It doesn't matter if the AI makes leaps beyond the capability of any human as long as it doesn't make leaps beyond its own capability. You seem much more eager to apply Weirdness to difficulty of the problem than to capability of solving the problem. It doesn't matter that understanding the AI's Weird code is too hard for humans, because it's not too hard for the Weird AI. The AI may "generate stuff that's very different from the code it starts with", but it won't generate anything so different the AI can't verify it is a good change.

[-]timtyler14y00

If you don't want to face that problem, surely you can just constrain the machine to write readable code.

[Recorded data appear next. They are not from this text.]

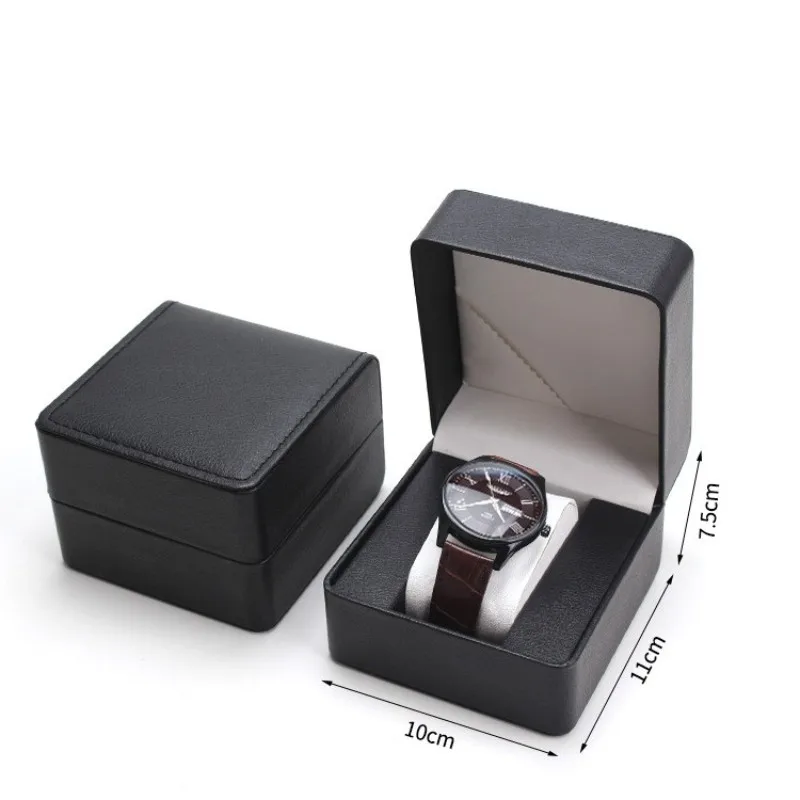 Keep your timepiece safe and stylishly stored with this premium watch box. Crafted with a sleek black leather-look exterior and a soft, cushioned interior, it provides both protection and sophistication.
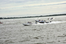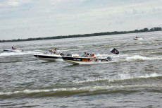 Desde Punta Mitre, toda la concurrencia pudo apreciar la largada de lanchas en busca del dorado.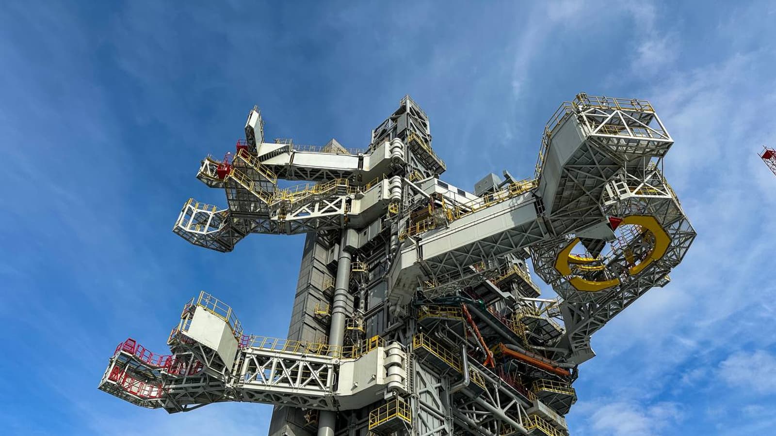 Как отмечают в «Роскосмосе», после апрельского первого пуска тяжёлой ракеты «Ангара-А5» кабель-заправочную башню дооборудовали комплексом обслуживания пилотируемого корабля. Он состоит из галереи посадки экипажа, тамбура-шлюза и чистового отсека. Галерея посадки экипажа представляет собой связывающий лифт для космонавтов и тамбур-шлюз.

A complicated refeactoring that is difficult to show whether it does the same thing could be discarded. What is needed most is a path forward, not the ability to traverse any possible path that leads forwards.

It seems likely that there will be a tradeoff between progress speed and safety, with "looking for a proof" being the slowest approach. Such a technique seems relatively unlikely to be effective if applied during a race.

[-]RolfAndreassen14y00

What's the use of an AI that writes code I could have written myself? If that's the case, cut out the middleman and just write the damn stuff! I specifically want an AI that's smarter than me, otherwise I have no use for it.

It seems likely that there will be a tradeoff between progress speed and safety, with "looking for a proof" being the slowest approach. Such a technique seems relatively unlikely to be effective if applied during a race.

Yes, this is true. That's a problem. We don't want the first AI that FOOMs effectively to win. We want a provably Friendly AI to win. If we demonstrate that proving Friendliness has constraints that don't apply generally, we still cannot abandon the constraints! That defeats the entire purpose!

[-]thomblake14y00

What's the use of an AI that writes code I could have written myself?

I'm confused. Isn't this sort of thing what most machines are for? You might just as well ask, "What's the use of a clothes-washing machine, when I could've just washed all of the clothes by hand?"

[-]RolfAndreassen14y00

This is a good point, but there are two objections. First, the washing machine lets you substitute one kind of effort for another and thus use comparative advantage. I can earn enough money for a washing machine in much less time than the total time saved over the lifetime of the washing machine. With an AI, code is code; there's no comparative advantage in writing code to instead of writing code.

Second, in referring to "code I could have written myself", I was referring to qualitative advantages rather than time saved. To make the washing-machine analogy work with this, postulate a washing machine that doesn't actually save you any time - maybe you have to sit about cranking a driving shaft for two hours - but produces much cleaner clothes, or a smaller chance of ripping, or some other qualitative measure.

I note that automatic code generators we have already, in some cases built into the language features, like templates in C++. They're occasionally useful but not likely to FOOM on us.

[-]thomblake14y20

First, the washing machine lets you substitute one kind of effort for another and thus use comparative advantage.

'Comparative advantage' needs exchanging one kind of effort for another because it's a law regarding trade amongst humans. What you're looking for is mechanical advantage, which often involves trading work for more work.

With an AI, code is code; there's no [mechanical] advantage in writing code to instead of writing code.

No. If you spend 1 day writing code for an AI and then it writes all your code from now on, you've saved an arbitrarily large amount of time writing code.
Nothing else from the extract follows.